* [TASK BRIEF]:
Begin your copy at the line with "(Megan Rainey, Adelaide)" in the records below and end it at the line with "The updated classic", restating each line word for word; omit the pictures.

* [DATASET RECORDS]:
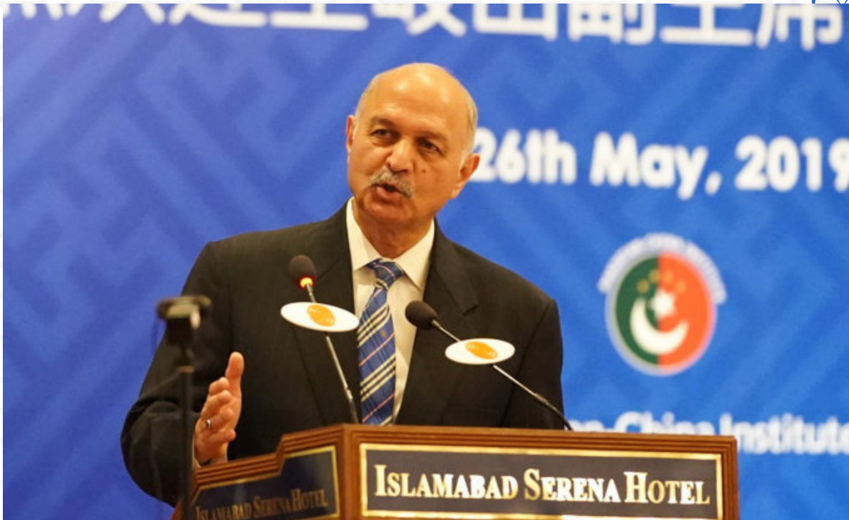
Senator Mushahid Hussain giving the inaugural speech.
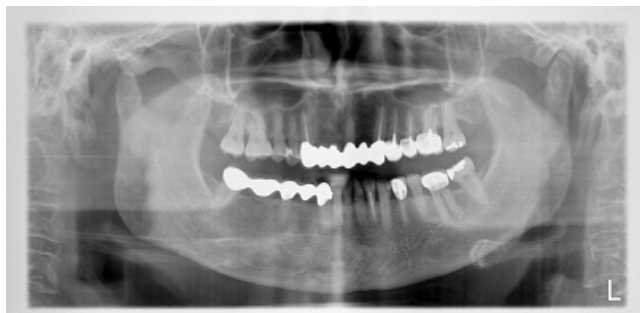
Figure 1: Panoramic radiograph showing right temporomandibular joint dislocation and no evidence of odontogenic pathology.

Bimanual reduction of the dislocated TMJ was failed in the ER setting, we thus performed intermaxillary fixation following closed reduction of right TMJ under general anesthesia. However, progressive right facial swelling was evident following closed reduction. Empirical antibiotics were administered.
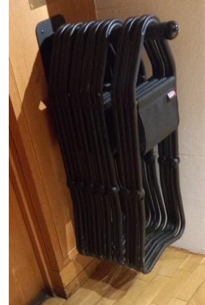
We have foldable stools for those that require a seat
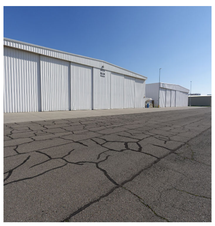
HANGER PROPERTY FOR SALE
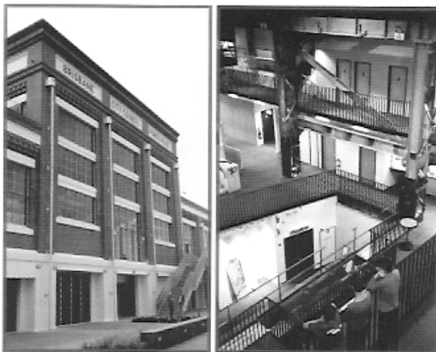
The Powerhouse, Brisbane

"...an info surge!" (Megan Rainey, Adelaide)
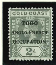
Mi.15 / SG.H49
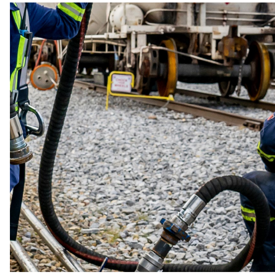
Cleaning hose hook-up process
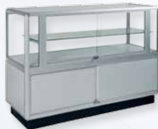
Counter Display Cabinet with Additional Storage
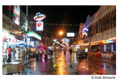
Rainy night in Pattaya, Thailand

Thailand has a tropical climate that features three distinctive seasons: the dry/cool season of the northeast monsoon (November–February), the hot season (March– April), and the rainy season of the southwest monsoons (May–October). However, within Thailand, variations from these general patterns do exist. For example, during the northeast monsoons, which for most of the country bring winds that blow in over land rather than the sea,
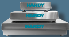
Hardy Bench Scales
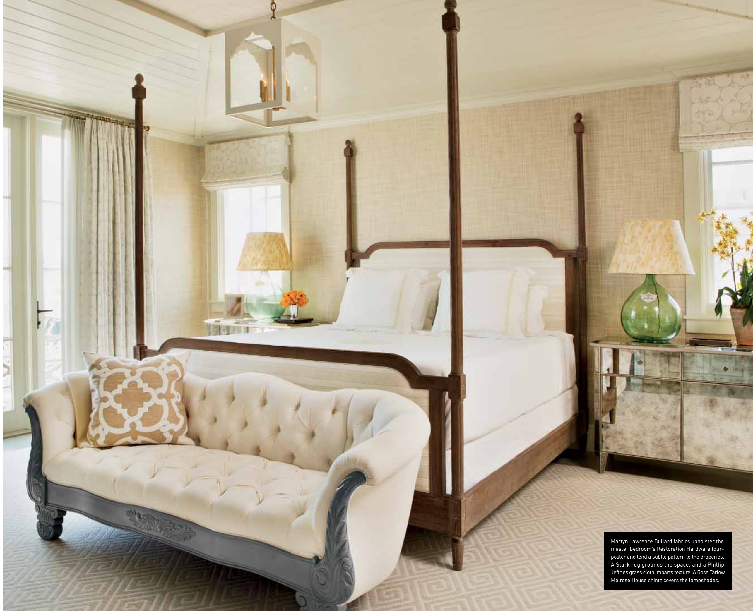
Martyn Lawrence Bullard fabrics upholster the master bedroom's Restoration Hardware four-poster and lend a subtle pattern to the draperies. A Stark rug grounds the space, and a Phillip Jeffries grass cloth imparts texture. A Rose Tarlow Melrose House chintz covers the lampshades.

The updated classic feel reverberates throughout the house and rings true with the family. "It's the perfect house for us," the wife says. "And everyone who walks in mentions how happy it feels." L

* * *

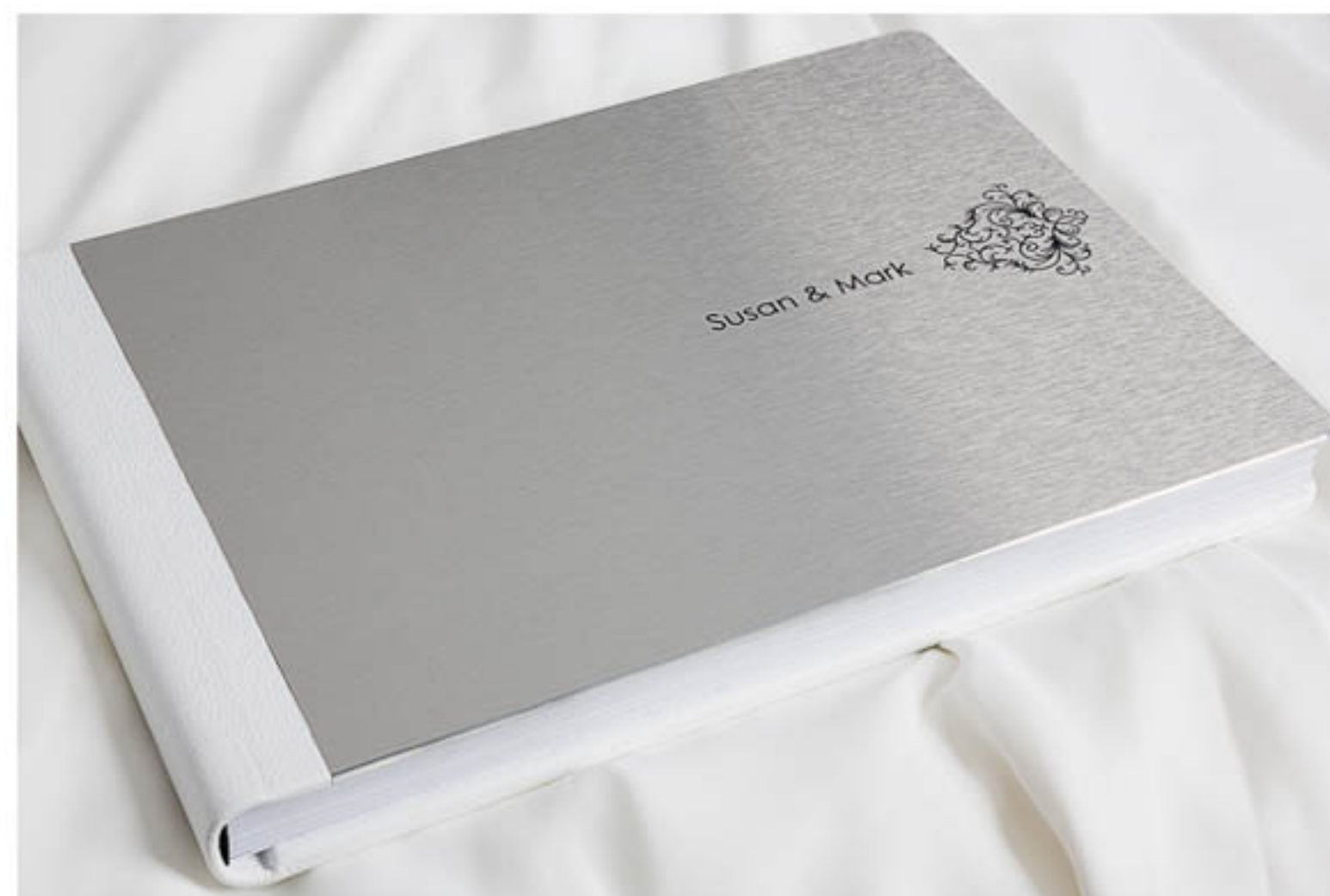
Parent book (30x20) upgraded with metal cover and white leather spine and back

* [FINISHED TASK]:
"...an info surge!" (Megan Rainey, Adelaide)
Mi.15 / SG.H49
Cleaning hose hook-up process
Counter Display Cabinet with Additional Storage
Rainy night in Pattaya, Thailand

Thailand has a tropical climate that features three distinctive seasons: the dry/cool season of the northeast monsoon (November–February), the hot season (March– April), and the rainy season of the southwest monsoons (May–October). However, within Thailand, variations from these general patterns do exist. For example, during the northeast monsoons, which for most of the country bring winds that blow in over land rather than the sea,
Hardy Bench Scales
Martyn Lawrence Bullard fabrics upholster the master bedroom's Restoration Hardware four-poster and lend a subtle pattern to the draperies. A Stark rug grounds the space, and a Phillip Jeffries grass cloth imparts texture. A Rose Tarlow Melrose House chintz covers the lampshades.

The updated classic feel reverberates throughout the house and rings true with the family. "It's the perfect house for us," the wife says. "And everyone who walks in mentions how happy it feels." L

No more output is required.